--- DATA LISTING Enclosed Below ---

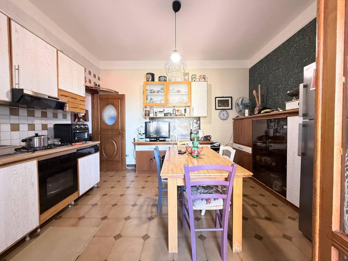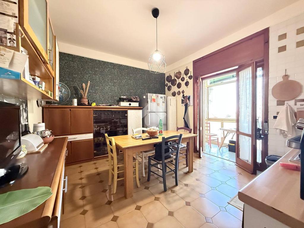 L'immobile è attuale così suddiviso: vi è un ingresso in ampio disimpegno, un salone doppio luminoso con balcone con affaccio libero e parzialmente panoramico; una cucina abitabile luminosa con balcone; tre camere da letto ampie dotate di punto luce, un bagno con vasca e finestra.
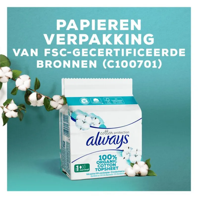 Always Always Cotton Protection maandverband zorgt voor jou en het milieu met een toplaag van 100% biologisch katoen in een recyclebare papieren verpakking.
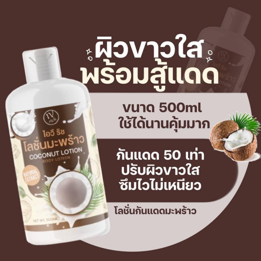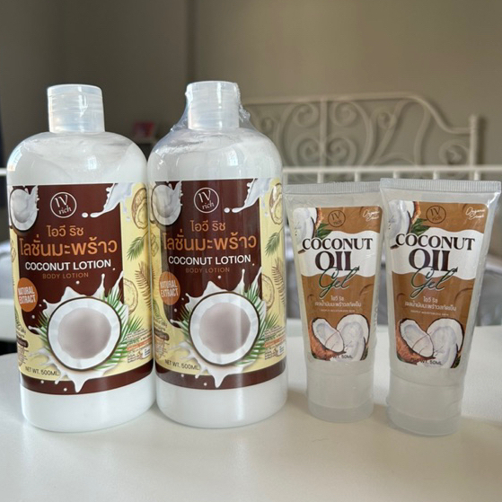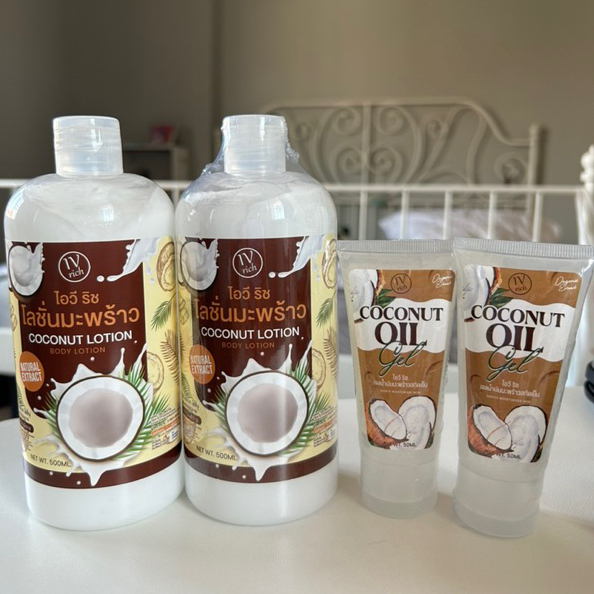เซ็ตโลชั่นกันแดดมะพร้าว 2 ขวด+เจลน้ำมันมะพร้าวสกัดเย็นของแท้ 2 หลอด ขาวทั้งหน้าทั้งตัว ใช้คุ้ม 3-5 เดือน ไอวี ริช
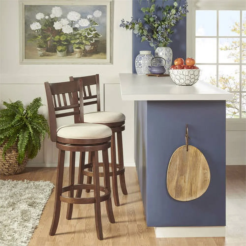 Weston Home Vertical Design Swivel Dark Cherry Finish Wood Bar Height Stool, Beige Linen
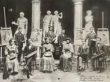 Students of the Fine Arts School of Quito. 1908. In the back row, on the left and standing Enrique Gomezjurado,
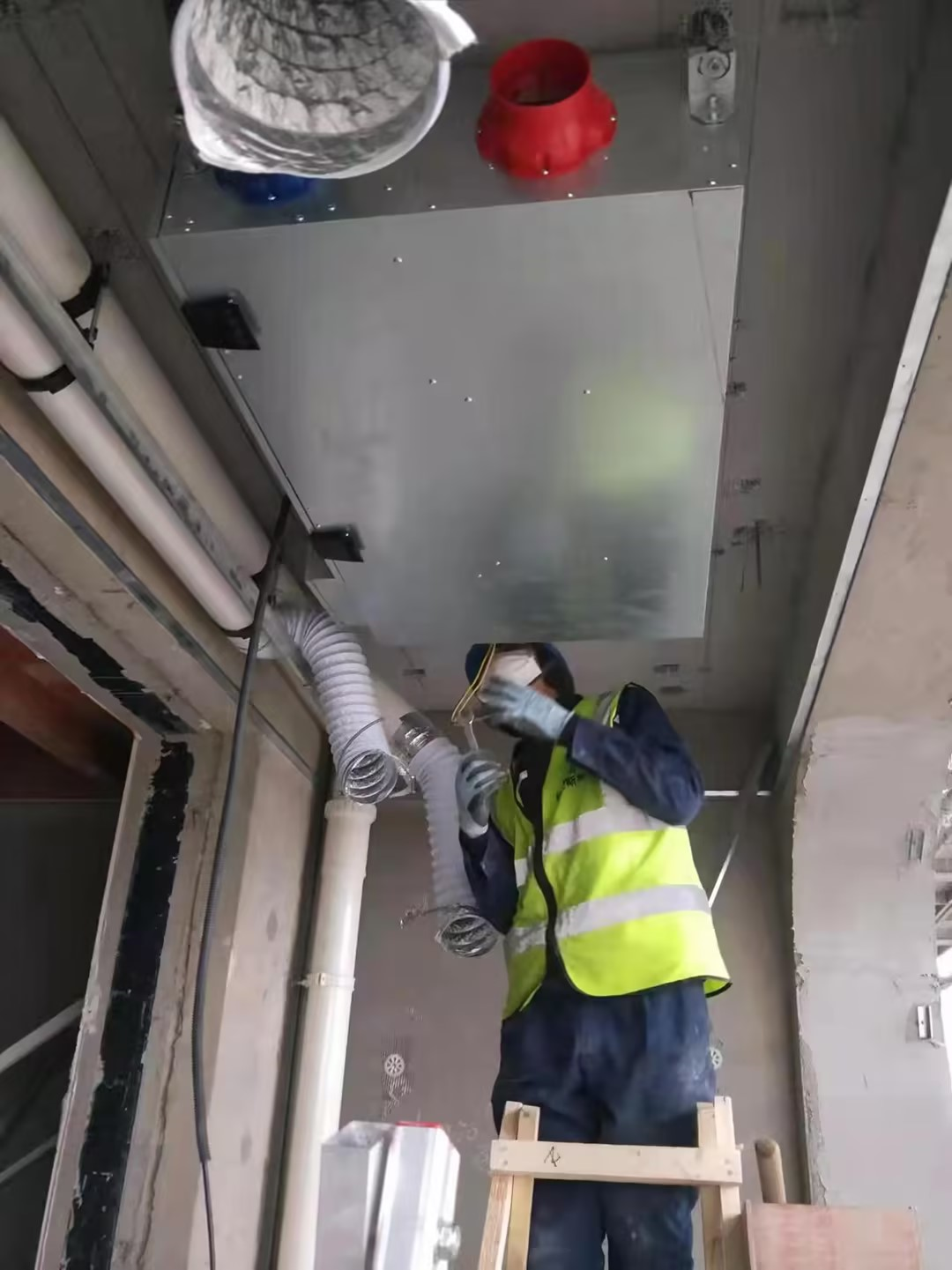 自2021年12月工程進(jìn)場施工至2023年3月調(diào)試完成第三方驗收通過,整個項目工期歷時15個月。在堅朗上海銷售區(qū)的大力支持下,格蘭斯柯新風(fēng)安裝團(tuán)隊與世紀(jì)古美項目部緊密配合,精心策劃組織、科學(xué)安排施工。

--- End of Enclosed DATA LISTING ---

## WORK REQUEST
With the images omitted, output all entries exactly as given.

## RESULT OF THIS TASK
 L'immobile è attuale così suddiviso: vi è un ingresso in ampio disimpegno, un salone doppio luminoso con balcone con affaccio libero e parzialmente panoramico; una cucina abitabile luminosa con balcone; tre camere da letto ampie dotate di punto luce, un bagno con vasca e finestra.
 Always Always Cotton Protection maandverband zorgt voor jou en het milieu met een toplaag van 100% biologisch katoen in een recyclebare papieren verpakking.
เซ็ตโลชั่นกันแดดมะพร้าว 2 ขวด+เจลน้ำมันมะพร้าวสกัดเย็นของแท้ 2 หลอด ขาวทั้งหน้าทั้งตัว ใช้คุ้ม 3-5 เดือน ไอวี ริช
 Weston Home Vertical Design Swivel Dark Cherry Finish Wood Bar Height Stool, Beige Linen
 Students of the Fine Arts School of Quito. 1908. In the back row, on the left and standing Enrique Gomezjurado,
 自2021年12月工程進(jìn)場施工至2023年3月調(diào)試完成第三方驗收通過,整個項目工期歷時15個月。在堅朗上海銷售區(qū)的大力支持下,格蘭斯柯新風(fēng)安裝團(tuán)隊與世紀(jì)古美項目部緊密配合,精心策劃組織、科學(xué)安排施工。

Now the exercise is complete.